Haber Detayı

Süper bilgisayarlar, kara deliğin yakınında gerçekte neler olduğunu ortaya çıkardı
Güncel chip.com.tr
26/12/2025 19:40 (2 saat önce)

Süper bilgisayarlar, kara deliğin yakınında gerçekte neler olduğunu ortaya çıkardı

Bugüne kadar matematiksel olarak tarif edilmesi imkansız görünen kara delik sınırları, yeni bir algoritma sayesinde deşifre edildi. Işığın büküldüğü ve maddenin yok olduğu huni şeklindeki yapının içinde neler olup bittiği artık sadece bir tahmin olmaktan çıktı.

Kara deliklerin sınır boyları, maddelerin sonsuz karanlığa çekildiği ama bu esnada dışarı saçılan kör edici radyasyonun ortalığı kasıp kavurduğu, evrenin en kaotik yerlerinden biri.

Bilim dünyası bu bölgeleri genellikle dengesiz, her an devasa patlamalar veya madde fışkırmaları (jetler) yaşayabilecek alanlar olarak tanımlıyor.Ancak bu dinamik olayları tahmin etmek, uzayın büküldüğü ve fizik kurallarının sınırlarının zorlandığı bu ortamı matematiksel olarak tarif etmek şimdiye kadar imkansıza yakındı.

Ancak, ABD’deki Flatiron Enstitüsü araştırmacıları tarafından yürütülen yeni bir çalışma, süper bilgisayarları devreye sokarak yıldız kütleli kara deliklerin maddeyi nasıl yutup dışarı püskürttüğüne dair bugüne kadarki en detaylı simülasyonu hazırladı.Bu çalışmayı benzerlerinden ayıran en önemli nokta, önceki modellerin hesaplama yapabilmek için kullandığı “basitleştirme” yöntemlerine başvurmaması.

Araştırmacılar, karmaşık verileri olduğu gibi işleyerek kara deliklerin etrafındaki gazın, ışığın ve manyetik alanların gerçekte nasıl hareket ettiğini gösterdi.

İki güçlü süper bilgisayarın kullanıldığı bu süreçte, Güneşimizden biraz daha büyük olan kara deliklerin dönüş hızı ve manyetik alan ölçümleri, gözlem verileriyle birleştirildi.

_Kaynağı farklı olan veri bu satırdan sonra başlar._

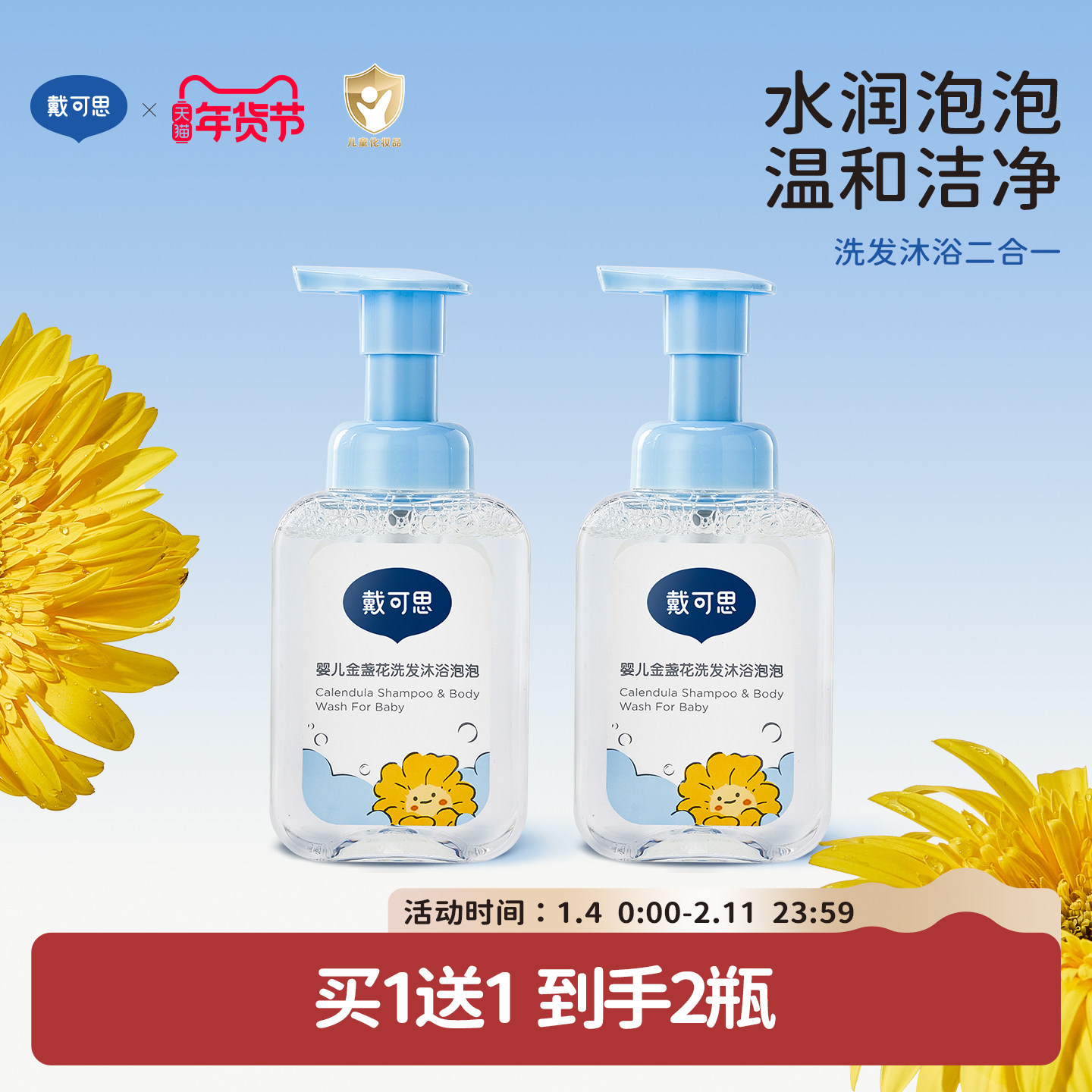 戴可思金盏花新生婴儿洗发沐浴二合一男女童洗护宝宝婴幼儿沐浴露

Astrofizikçi Lizhong Zhang, ilk kez kara deliklerdeki fiziksel süreçleri bu kadar isabetli bir şekilde bir arada görebildiklerini belirterek, yapılan en küçük bir basitleştirmenin bile sonucun tamamen yanlış çıkmasına yol açabileceğine dikkat çekiyor.Uzay - zamanın büküldüğü noktada ışığın yolculuğuYeni geliştirilen model, Einstein’ın kütlelerin uzay ve zamanı nasıl büktüğünü anlatan Genel Görelilik Teorisi ile plazma gazlarının ve manyetik alanların davranışlarını bir araya getiriyor.

Araştırma ekibi, kara deliklerin etrafında biriken kalın madde disklerinin radyasyonu emdiğini ve bu enerjiyi rüzgarlar ya da jetler şeklinde dışarı saldığını kanıtladı.

Simülasyonlar sırasında ortaya çıkan ilginç bir detay ise, maddeyi inanılmaz bir hızla yutan ve dışarıya sadece belirli açılardan görülebilen dar bir radyasyon hüzmesi fışkırtan huni şeklindeki bir yapı oldu.

Bu karmaşık algoritma, ışığın (fotonların) bükülmüş uzay-zamandaki yayılımını gerçeğe en yakın şekilde yakalayan mevcut tek çözüm haline geldi.Bu teknolojik atılım, gökbilimcilerin sadece küçük kara delikleri anlamasını sağlamıyor; aynı zamanda galaksimizin merkezindeki devasa kara delik olan Sagittarius A gibi daha büyük yapıların gizemini çözmek için de yeni bir kapı aralıyor.

Araştırmacılar, bu modelin son dönemde keşfedilen ve beklendiğinden daha az X-ışını yayan gizemli "küçük kırmızı noktaların" sırrını çözebileceğini düşünüyor.

Gelecekte bu simülasyonların süper kütleli kara deliklere de uygulanmasıyla, evrenin en karanlık noktalarındaki fiziksel kurallar çok daha net bir şekilde aydınlanacak gibi görünüyor.